返回字典中单词的频率

Question

I think I have the right idea on how to solve this function, but I'm not sure why I don't get the desired results shown in the docstring. Can anyone please help me fix this?

def list_to_dict(word_list):
'''(list of str) -> dict
Given a list of str (a list of English words) return a dictionary that keeps 
track of word length and frequency of length.

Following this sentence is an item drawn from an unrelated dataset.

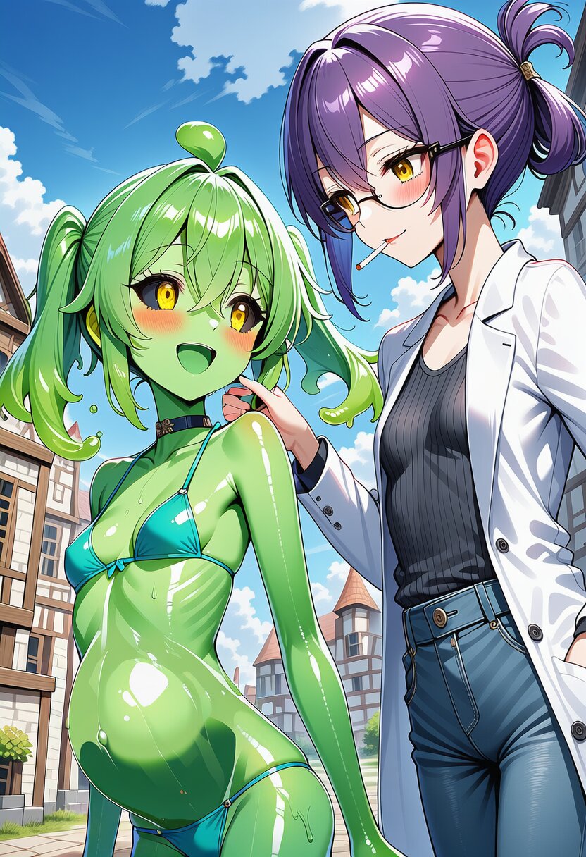 港湾都市オーケンの初期看板娘三人のトリは美泥亜ちゃんです。妊娠した美泥亜ちゃんを想ってアンリさんが加えてるのは禁煙パイプです。

Each key is a word length and 
the corresponding value is the number of words in the given list of that 
length.
>>> d = list_to_dict(['This', 'is', 'some', 'text'])
>>> d == {2:1, 4:3}
True
>>> d = list_to_dict(['A', 'little', 'sentence', 'to', 'create', 'a', 
'dictionary'])
>>> d == {1:2, 6:2, 8:1, 2:1, 10:1}
True
'''
d = {}
count = 0
for i in range(len(word_list)):
length = len(i)
if length not in d:
    count = count + length
    d[length] = {count}
    count += 1
return d

Answer 1

Using Counter definitely is the best option:

In [ ]: from collections import Counter
   ...: d = Counter(map(len, s))
   ...: d == {1:2, 6:2, 8:1, 2:1, 10:1}
Out[ ]: True

Without using "fancy stuff", we use generator expressions, something I consider to be equally fancy:

Counter(len(i) for i in s)

If by "ordinarily" you mean using for loops, we can do that like so:

d = {}
for i in s:
    if len(i) not in d:
        d[len(i)] = 1
    else:
        d[len(i)] += 1

Answer 2

Simply do a loop for any word in the list. In each iteration create new key with value 1 if the length is not in the dict as a key yet, otherwise increase the previous value for the key:

def list_to_dict(word_list):
   d = dict()
   for any_word in word_list:
      length = len(any_word)  
      if length not in d:
          d[length] = 1
      else:
          d[length] += 1
   return d

Answer 3

You can use dictionary comprehension to iterate over s , which now contains the length of its original elements:

s = ['A', 'little', 'sentence', 'to', 'create', 'a', 'dictionary']
final_s = {i:len([b for b in s if len(b) == i]) for i in map(len, s)}

Output:

{1: 2, 6: 2, 8: 1, 2: 1, 10: 1}

Simply:

new_d = {} 
for i in s:
    new_d[len(i)] = 0
for i in s:
    new_d[len(i)] += 1

Output:

{8: 1, 1: 2, 2: 1, 10: 1, 6: 2}